Les commentaires hilarants, le jeu très arcade. Le bonheur.

Nights Into Dreams était magique. L’univers charmant, les musiques merveilleuses. C’était le jeu que je montrais aux détracteurs de la Saturn. «  T’as vu les effets de lumières ? T’as vu le monde en 3D totale ? » évidemment avec la mauvaise foi qui me caractérise:)
On avait le pack avec l’abominable pad, tout aussi injouable que de belle qualité. Je m’en moquais, il était chouette ce mauvais pad. Puis quand sa version Christmas est arrivée j’avais encore plus d’étoiles dans les yeux. C’est le jeu que sort quand j’ai le blues. Dix minutes de jeu et ça va mieux.

Sur le tard c’est Crows un beat them up complètement con et fort amusant, Keio Flying Squadron 2, un adorable jeu de plate-formes basé sur la licence du Shoot Them Up et Maccross Dimension Fortress un shoot them up assez moyen mais que j’aime particulièrement pour son ambiance.
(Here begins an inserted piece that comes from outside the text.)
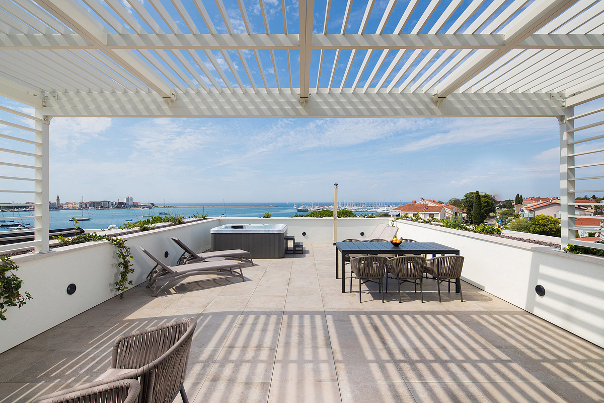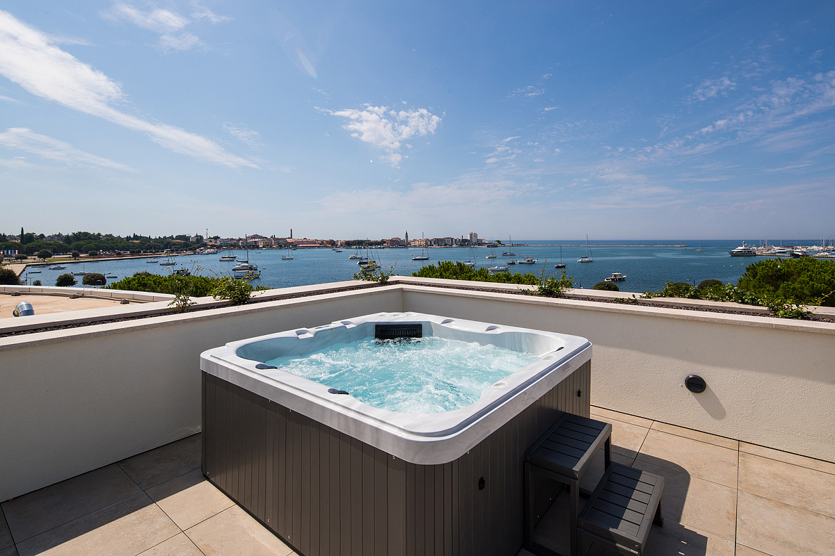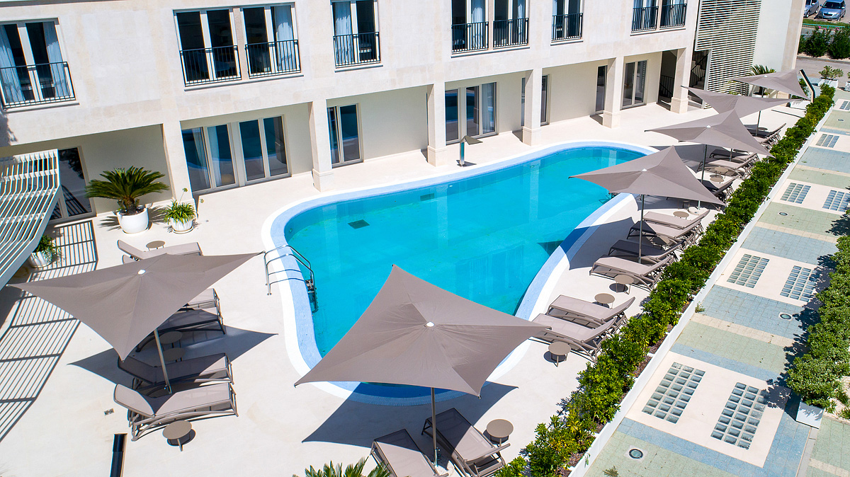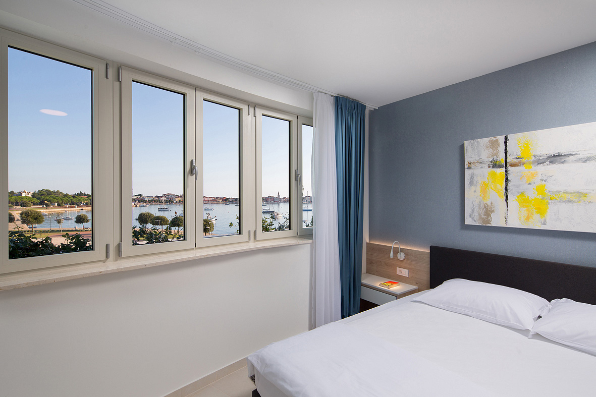 recepce (24 hod.), klimatizovaná restaurace, aperitiv bar, prostorná venkovní terasa s výhledem na záliv a přístav, 3 výtahy, garážové stání* (10,00 EUR / den)
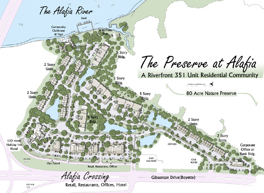 RETURN TO NEWS INDEX Luxury development breaks ground near the Alafia River RIVERVIEW - Owners of an upscale apartment, shopping and hotel development on the Alafia River broke ground on the estimated $100 million project this week. The Preserve at Alafia will include 351 luxury waterfront apartments and is the first in a three-phase development. Later, the developers plan to construct more than 40,000 square feet of retail space, another 20,000 square feet of office space and 10,000 square feet of restaurant space. The final phase of the project, which is being developed by the Tampa-based Garrison Developer Group of Florida, will include a Holiday Inn hotel and conference center. The commercial and hotel space will be called Alafia Crossing. The development sits on 40 acres on the southern banks of the Alafia River, where the Alafia River RV Resort once sat. The land, which is east of Interstate 75, also is adjacent to the Alafia Nature Preserve. Developer Rey Ortega, president of Garrison Developer Group, said he expects the apartments to be complete by June 2011. The commercial and hotel phases will commence as soon as the group secures more funding. He touts the waterfront luxury complex as a haven for professionals who want access to downtown Tampa but don't want to live there. "The access is what's so great about this site," Ortega said. "There's nothing like this in the Brandon area." Chandra Broadwater can be reached at cbroadwater@sptimes.com, or 661-2454. |

Si il y a une déception c’est bien Burning Rangers. Le jeu est à mes yeux bâclé. La Saturn fait de forts jolis effets, mais l’ensemble n’est pas très fluide ni jouable. Bilan cette vitrine technique peine à convaincre. En fin de vie c’était de toute manière trop tard. Je pourrai citer le très mauvais Sonic R et le raté Sega Touring Car également.


10-Un petit mot sur notre portail Sega Legacy ?

Il est toujours plaisant de voir des amoureux de SEGA. Moi je suis amoureux de tout avec mes préférences. J’aime l’idée de vouloir un SEGA comme avant, et c’est ce traitement que je perçois dans votre site. 

One comment

  1. Super interview ! C’est en effet dommage que SEGA, qui sortait des jeux de qualité, n’ait pas eu la puissance commercial pour les imposer et quel dommage que ces projets n’est pas eu le succès qu’ils méritent. J’ai l’impression qu’on profite plus de ses perles avec le recul que lors de leur sortie. En même temps je ne suis pas le mieux placé pour affirmer ça ^_^;)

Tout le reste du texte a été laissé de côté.